Thursday, June 27, 2013

JUNE - Suck It, Wonder Woman

June review for the Eclectic Reader's Book Challenge 2013: Suck It, Wonder Woman!: The Misadventures of a Hollywood Geek by Olivia Munn (with Mac Montandon), 2010. [Memoir category]

(Fuck you, Olivia Munn, you do NOT have thick thighs.)

Okay, now that I got that out of the way. I can attempt to talk about this book in a civilized manner. Sort of. Apologies if this review becomes somewhat more of a tangential examination than a straight book review. I have a lot of feelings. Also if it folds back and forth on itself--I'm really just trying to figure out said feelings about the book.Overall, I had middling feelings toward it, but the things that made me angry are pretty big eyesores in my opinion and I wanted to give them their due, push against the things that made me uncomfortable coming from a woman I so admired. Here we go.

The gist of Olivia Munn's 2010 memoir-slash-funny-stories-about-her-life-collection Suck It, Wonder Woman!: The Misadventures of a Hollywood Geek seems to be a brash declaration of Munn's status as a Geek Sex Symbol, mostly stemming from her run as a host on G4's Attack Of The Show. When I first picked up the book at Motor City Comic Con a few months ago, drawn by the intriguing title and funny cover posing, I was excited. I like Olivia Munn, especially on HBO's summer blockbuster The Newsroom (returning for its second season in a few days!!!). I admire her disregard for stereotypes and her brazen ownership of a traditionally under-the-rug epithet. I was looking forward to loving every word of her sardonic take on the ridiculously sex-crazed society that has become our Mount Olympus of sorts, excited to take it almost as a gospel for a geek girl like myself, but I felt myself getting a little more angry, a little more annoyed, as the book went on. the sex-positive geek girl is a concept that seems to come under much contention lately. As another reviewer on GoodReads said, I decided at the end that I still like Olivia Munn, but I did not like this book.

It makes me unspeakably sad to not like a book by someone who seems to be trying in earnest to cast a positive image for women in comedy and film, and this was no exception. I didn't enjoy reading Suck It, Wonder Woman! as much as I thought I was going to: Munn contradicts herself (as I have been doing for days trying to write this review and figure out how I feel about it), she uses the same jokes over and over again, her candor is illuminating at times but abrasive most of of the time--the flickers of actual personality sprinkled throughout the book are what kept me holding on. I mentioned before that the book seems to be proclaiming Olivia's Geek status although there exist within the text few substantial examples of such. I really want to believe that she is the geek she says she is, and not trying to capitalize on the sexy geek girl facade, to which she is dangerously close. She seems to have some connection to geeky stuff and mentions a lot of videogames that she played as an army brat outcast growing up being bounced from school to school, but there doesn't seem to be anything substantive to the claim other than running Attack Of The Show! Now, I'm not saying that Geekdom is a club for which you need to have references and a resume and a look-what-I've-done-to-prove-myself compendium, but I was disheartened by her continual use of pejorative language and suggestions for guys to "Totally Help You Score!" (title of chapter 17), adding the qualifier that geeky girls are somehow special and take certain XP to get with, maybe? Her language is almost intentionally abrasive--the opening anecdote about her first boyfriend ends with a revelation that he had Tourette's, and her response was that it was some kind of shitty karma, an almost "why me?" feeling. Not cool. Plus, incorrect use of the concept of “karma,” as I was informed by my Buddhist coworker. Double not cool.

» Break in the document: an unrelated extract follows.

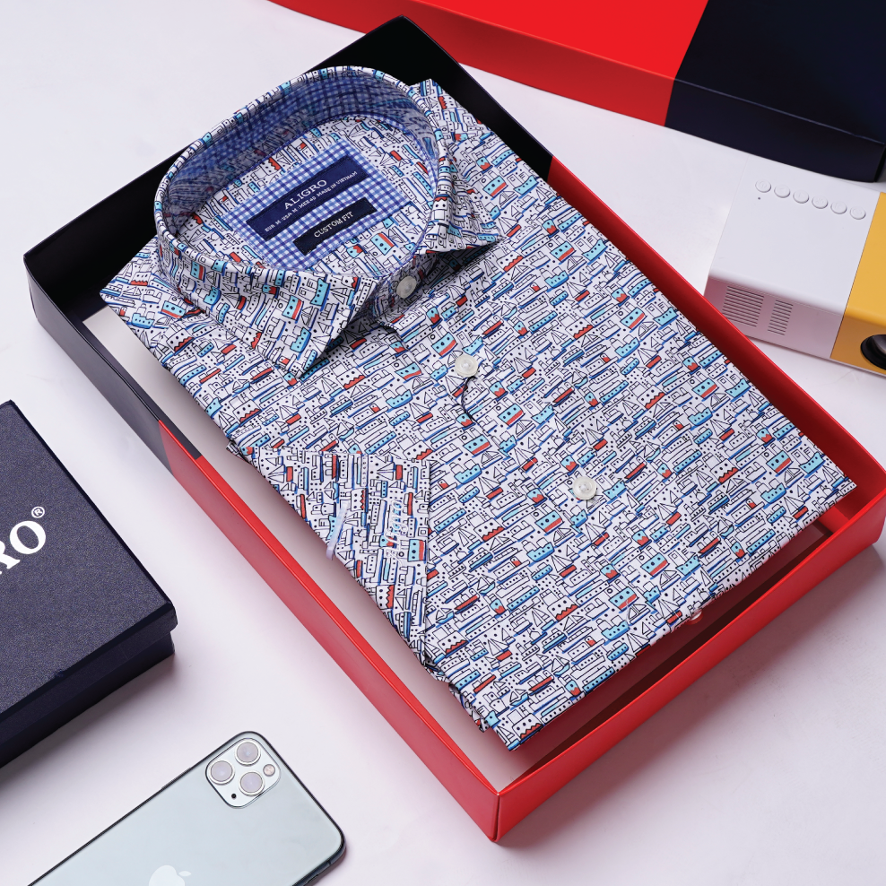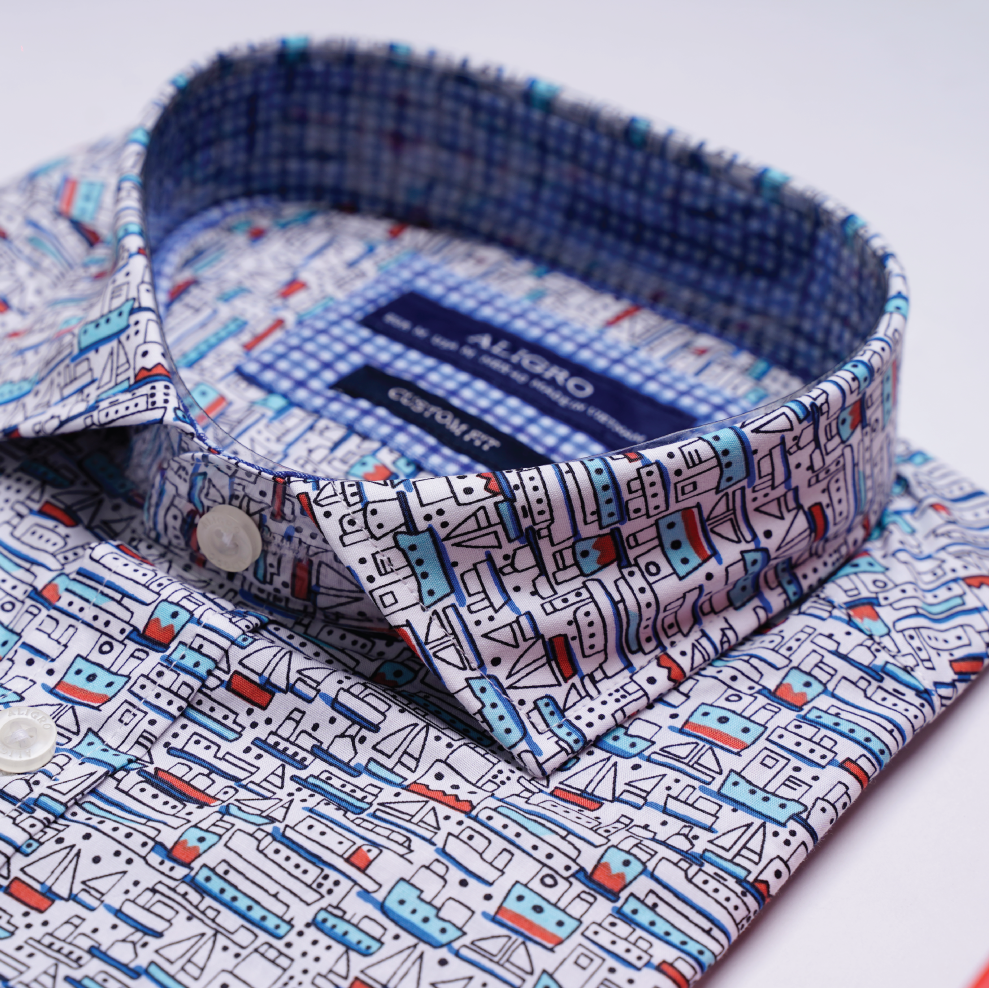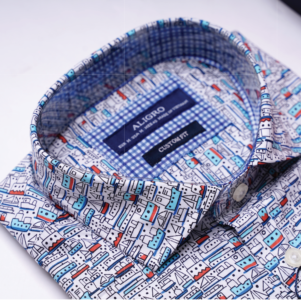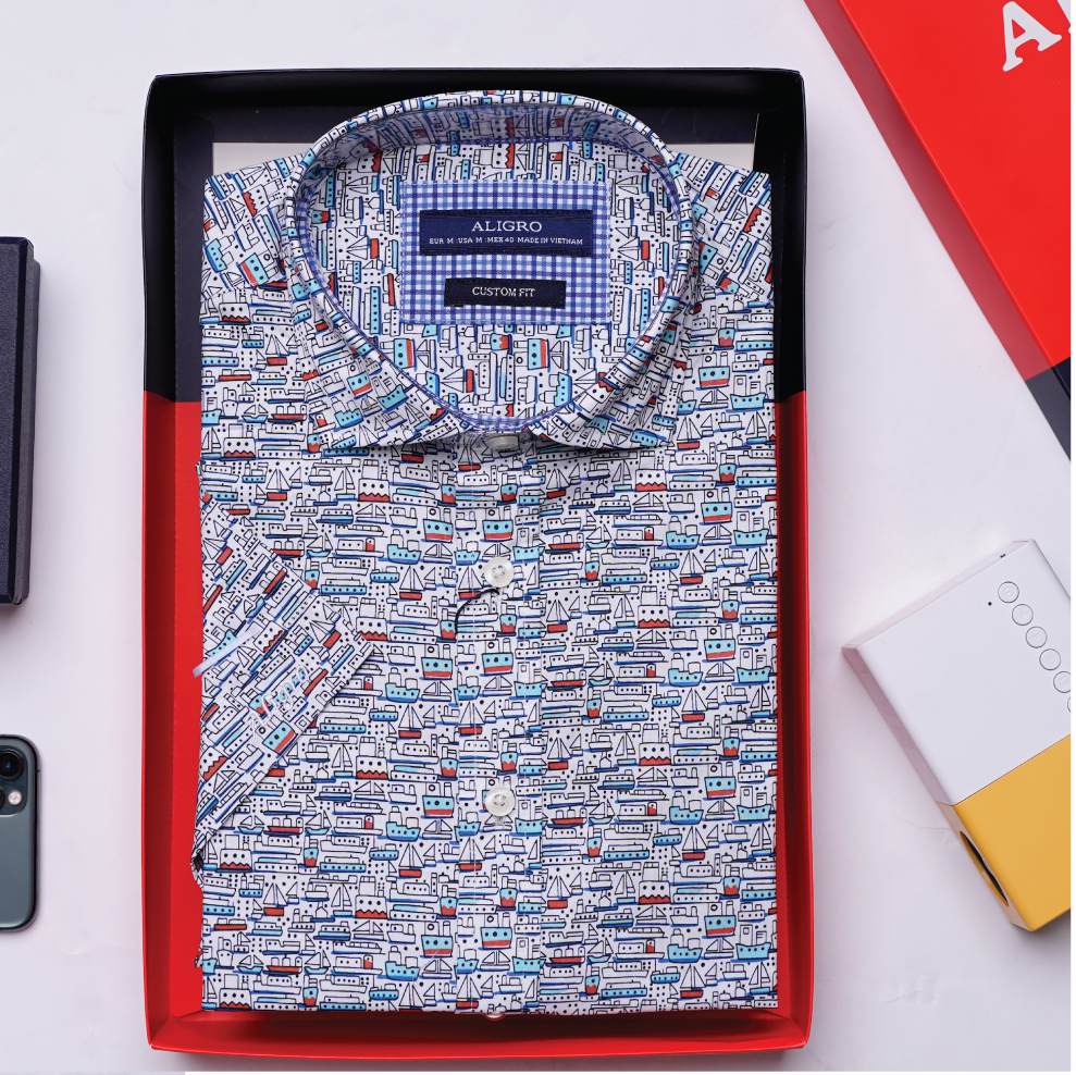 ✨Áo sơ mi cộc tay nam họa tiết thuyền dáng customfit Aligro ALGS-C87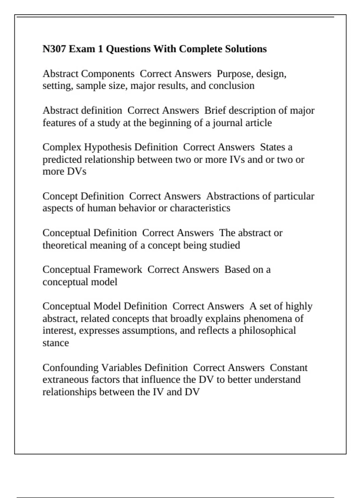 Conceptual Definition Correct Answers The abstract or

While some of those suggestions were good and thought-provoking (like WHAT), many of them still seemed to fall under the typical "pretend to listen to girls because thats how you get what you want" heading. And I was angry. It appeared to me like Olivia was trying to be funny and appealing to all, but in a sort of angry way. Almost condescending?. She tells countless grotesque stories about other people in the industry--only one of whom actually has a name, almost like she's hiding behind her hilarity to ignore the fact that she's still relatively small-time and maybe isn’t Hollywood enough to be saying these steamy tell-all tales she’s telling. The one nameless story I actually enjoyed was chapter 9, "My Dinner with Harvard's Finest" (p76). It is one of the only times Olivia comes out as actively almost-feminist (though at one point in the books she denies the title), staring down a Hollywood bigwig's date and asking her why she lets him talk to her like that, calling her a whore and asking the others if they thought she was a whore. Although, at the end of the chapter, Munn does jump to conclusions and judge the girl as she pulls away with a community college bumper sticker on her car. Less than stellar.

On that note, I'd like to examine the sexuality and body-image aspects of the text. In the bottom corner of the book there is a teensy flip-book of Olivia in a long shirt/short dress type outfit waving and doing sexy things. Inside the cover is a poster of her in a frilly bikini and sailor hat kissing up at the camera. A whole chapter is devoted to her in revealing costumes of "Great Women" who inspired her--without any such meditations as to why or how they can inspire other girls. (Granted, they are each famous for certain things and no doubt those famous things contribute to their inspiration, but still.) While talking about her Playboy cover shoot--which she specifically got contracted to do sans nudity, which is impressive--she perpetuates the image of obsessive dieting and nigh-on-unhealthy eating habits that girls are force-fed every day. EVEN THOUGH later she says "I think it's great for young women to see a real woman, with real breasts and thick thighs considered sexy. I hope that changes the insanely narrow definition of sexy we generally see in the press and on television. Young girls should be proud of their imperfections and curves" (216). These two parts of her image were the most upsetting to me as a less-fit-than-most-twenty-something-girl who has lived with those pressures. I found myself being sucked into the stories, being like “yeah okay I can see why she wouldn’t want to eat if she has to pose--wait WHAT AM I SAYING.”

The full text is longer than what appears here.